Kelen: A gente tem que voltar pro acampamento. Lá tem muita coisa pra fazer. Judith: Foi muito bom conhecer vocês!

Wendel: Pra gente também. Aguyje. Kelen: Aguyje.

Paulinho: A o quê?

Pâmela: Aguyje. Em guarani, é tipo assim... uma coisa perfeita. Kelen: Mas pode entender também como obrigada.

Judith: Guarani? Nunca ouvi falar! É tipo inglês? Paulinho: Guarani é coisa de índio. Vocês são índios?

Wendel: (orgulhoso) O pai fala que nós somos árajeguaka76 - enfeites do universo.

Judith e Paulinho riem.

Pâmela: Do que vocês estão rindo? Kelen: Vocês tão rindo da gente?

Os dois ficam sérios. Pausa.

Judith: Desculpa, não foi por mal. Paulinho: Vocês são índios mesmo? Wendel: Como assim?

Judith: É que vocês não têm cocar, e nem saia de índio com penas! Pâmela: E por que eu tenho que vestir isso?

Paulinho: Porque isso que é roupa de índio!

Judith: Por que vocês não pintam o rosto e nem usam arco-e-flecha, que nem nos livros da escola?

Pâmela: Sua boba! Você não sabe de nada! Wendel: Vamos embora, gente! (eles saem) Kellen:Jaha77.

Pâmela:(saindo)Mitãkuña’ivaí78!

Judith: Espera! (pequena pausa) Puxa, Paulinho, acho que eles ficaram chateados com a gente...

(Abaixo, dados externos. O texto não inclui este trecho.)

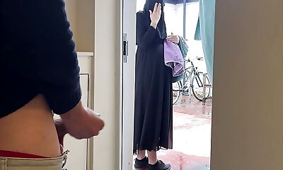 SCARED BUT CURIOUS! Muslim preggie neighbour in niqab caught me jerking off and asked me to let her touch my uncut dick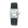 CARTIER Ref. 3169 No. 807982RX Steel watch. Rectangular case, screw-back. Sapphire cabochon, bezel-set. Silver face with Roman numerals and minutes in the center. Quartz movement. Signed steel deploying clasp. Dim. 27 x 34 mm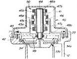 또 제5도에 있어서, 기판(43)과 플랜저(44)의 사이에는 섭동(攝動)저항이 적은 U자형 또는 Y자형의 팩킹(49)이 끼워져 있어서 액츄에이터(40)의 수밀성(水密性)이 높게 된다. 또한 이 팩킹(49), 플랜저(44)의 어느 것인가의 섭동부에 불소수지, 폴리에틸렌수지 등의 낮은 마찰계수, 내마모성 재료를 붙힐 수 있다.5, the U-shaped or Y-shaped packing 49 with little perturbation resistance is inserted between the board |

Paulinho: Chateados por quê?

Pausa

Judith: E a gente também ficou falando o que eles tinham que fazer, como tinham que se vestir... (pausa) QUE HORRÍVEL!!!! A gente fez com eles igual fazem comigo!

Paulinho: Como assim? Você não é índia! Por acaso alguém fala com você pra usar arco e flecha, cocar e roupas de índio?

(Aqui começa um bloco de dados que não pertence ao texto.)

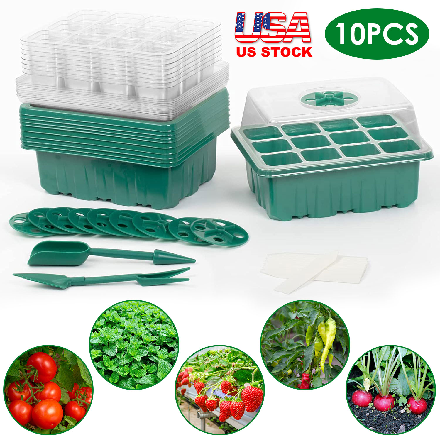 Home > 10Pcs Seed Starter Tray Kit Reusable Overall 120Cells Seeding Propagator Station Greenhouse Growing Germination Tray with Humidity Dome Label 2Pcs Gar

Judith: Não, mas falam que eu sou menina e tenho que usar saia, vestidinho, laço de fita... é a mesma coisa! Ninguém devia dizer pra ninguém o que vestir e o que fazer! Isso não é legal!

Pausa

Paulinho: Sabe, Judith, eu acho que fazem isso com todo mundo! Comigo, com você, (acende-se a luz da plateia) com eles todos! Vivem nos dizendo o que podemos e o que não podemos fazer para ser aquilo que querem que a gente seja! E aí se a gente não faz o que eles querem, riem da gente... ou batem... Comigo é assim: todo mundo diz que eu tenho que ser forte, tenho que brigar, não posso dançar, não posso usar roupas coloridas... eu tento fazer tudo direitinho, mas nem sempre eu consigo... (pausa) às vezes eu fico triste e me dá vontade de chorar, como todo mundo, mas se eu choro na frente dos outros, me dizem que pareço uma menina... CANÇÃO DAS AZEITONAS

Letra: Christian Bruel, Júnia Pereira e Tatá Santana Música: Tatá Santana

76 Enfeite ou adorno do tempo/espaço (tradução nossa). 77Expressão kaiowá que significa “Vamos” (tradução livre).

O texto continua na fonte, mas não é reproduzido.